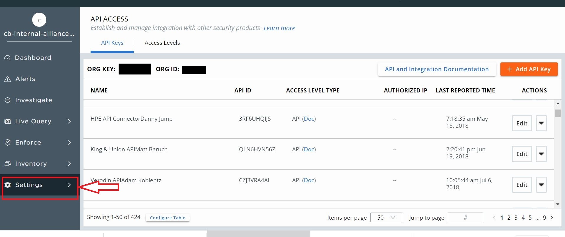 This section will take you through the configuration steps to configure API Access on the Carbon Black Cloud console to get alert logs on Carbon Black Cloud Beat.
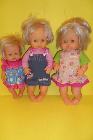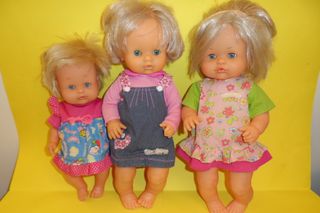 Tre bellissime bambole,circa 30 cm, corpo morbido,lavate e sanificate
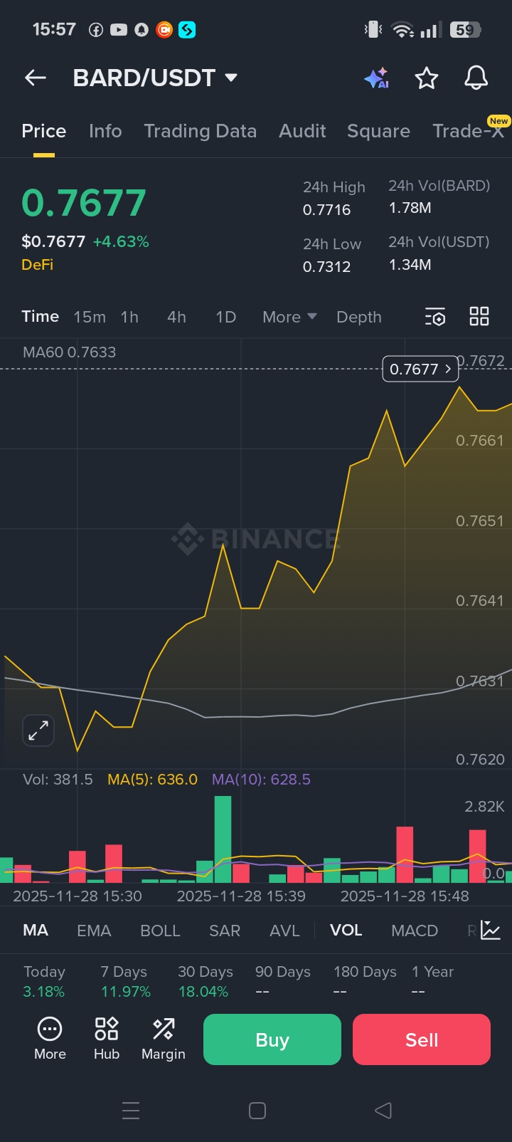 $BARD is pushing strongly above the ascending trendline on the 15M chart, showing consistent buyer momentum. A clean breakout above 0.767 can trigger a quick move toward the 0.778–0.785 zone.
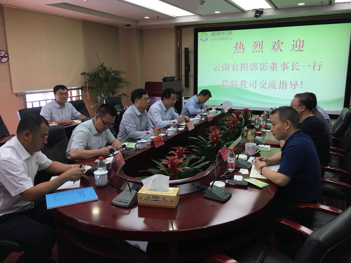 5月17日,郭影董事长、杜开波总经理、廖寅皓副总经理率农担一部、二部、风控部、机构部到湖南省农业信贷担保有限公司进行学习交流。
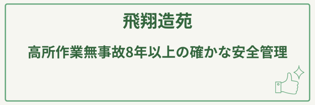 福島県全域及び近隣エリアに対応する「飛翔造苑」は、「空師」と呼ばれるツリークライミング技術を得意とし、高所作業車やクレーン車が入れない狭小地・斜面・崖など、あらゆる難所で高木・巨木を伐採・剪定できる専門技術と、高所作業無事故8年以上の確かな安全管理が強みです。
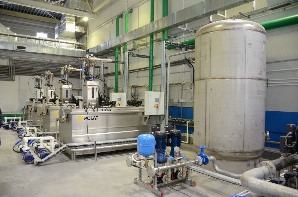 Цех мехобезвоживания вышел на проектные мощности. Теперь иловый осадок, обработанный флокулянтом, уплотняется на ленточных сгустителях, а затем смесь осадков (сгущенный ил и сырой осадок) обезвоживается на декантерных центрифугах. Полученный кек обрабатывается дезолаком и вывозится специально оборудованными шламовозами на полигон.
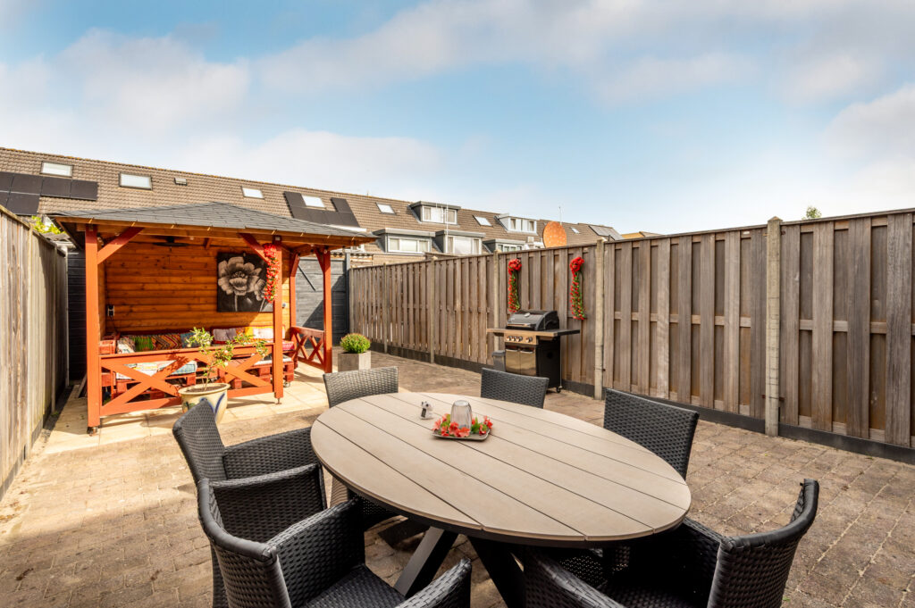 * Verzorgd aangelegde tuin met een ligging op het noordwesten (middag + avondzon), een overkapping en een vrijstaande berging (ca. 7 m2)
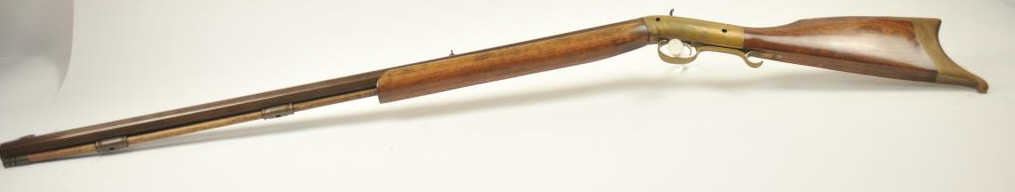 Lot 646 Mowrey Olney of Texas Bicenntenial Model reproduction brass single shot percussion rifle, .50 cali
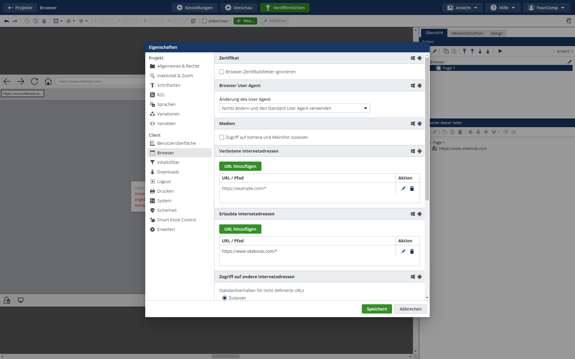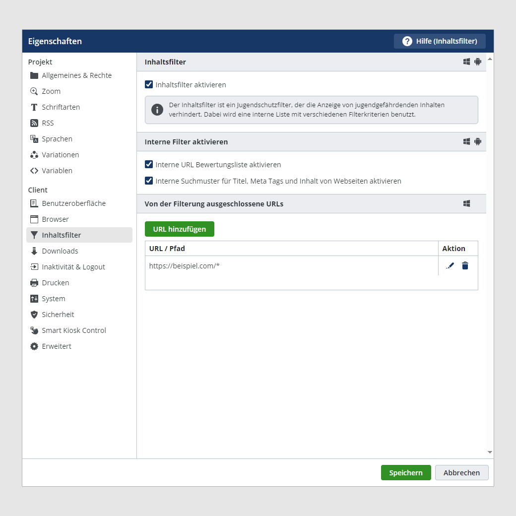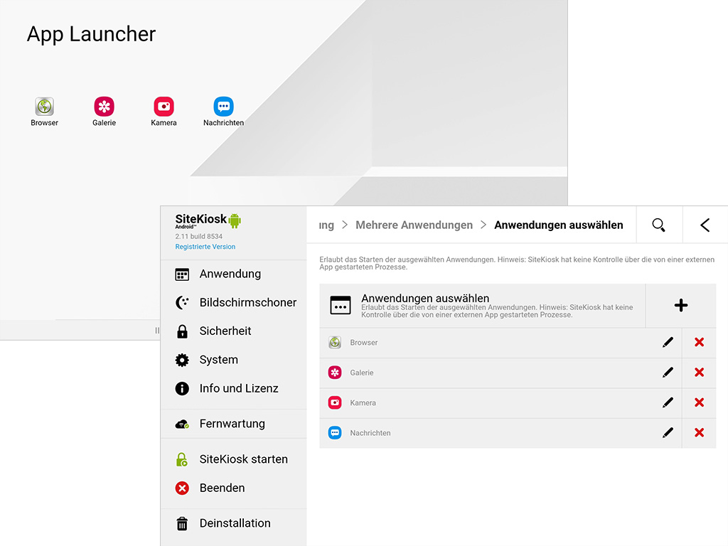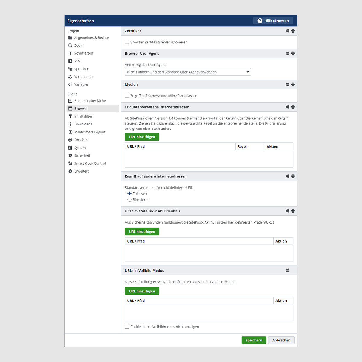 Sicherer Kiosk-Modus für stationäre und mobile Geräte
────────
From the records above, quote word for word only the lines beginning at the line that has "the 0.778–0.785 zone." and stopping after the line that has "Цех мехобезвоживания вышел". Omit the pictures.

Solution
 $BARD is pushing strongly above the ascending trendline on the 15M chart, showing consistent buyer momentum. A clean breakout above 0.767 can trigger a quick move toward the 0.778–0.785 zone.
 5月17日,郭影董事长、杜开波总经理、廖寅皓副总经理率农担一部、二部、风控部、机构部到湖南省农业信贷担保有限公司进行学习交流。
 福島県全域及び近隣エリアに対応する「飛翔造苑」は、「空師」と呼ばれるツリークライミング技術を得意とし、高所作業車やクレーン車が入れない狭小地・斜面・崖など、あらゆる難所で高木・巨木を伐採・剪定できる専門技術と、高所作業無事故8年以上の確かな安全管理が強みです。
 Цех мехобезвоживания вышел на проектные мощности. Теперь иловый осадок, обработанный флокулянтом, уплотняется на ленточных сгустителях, а затем смесь осадков (сгущенный ил и сырой осадок) обезвоживается на декантерных центрифугах. Полученный кек обрабатывается дезолаком и вывозится специально оборудованными шламовозами на полигон.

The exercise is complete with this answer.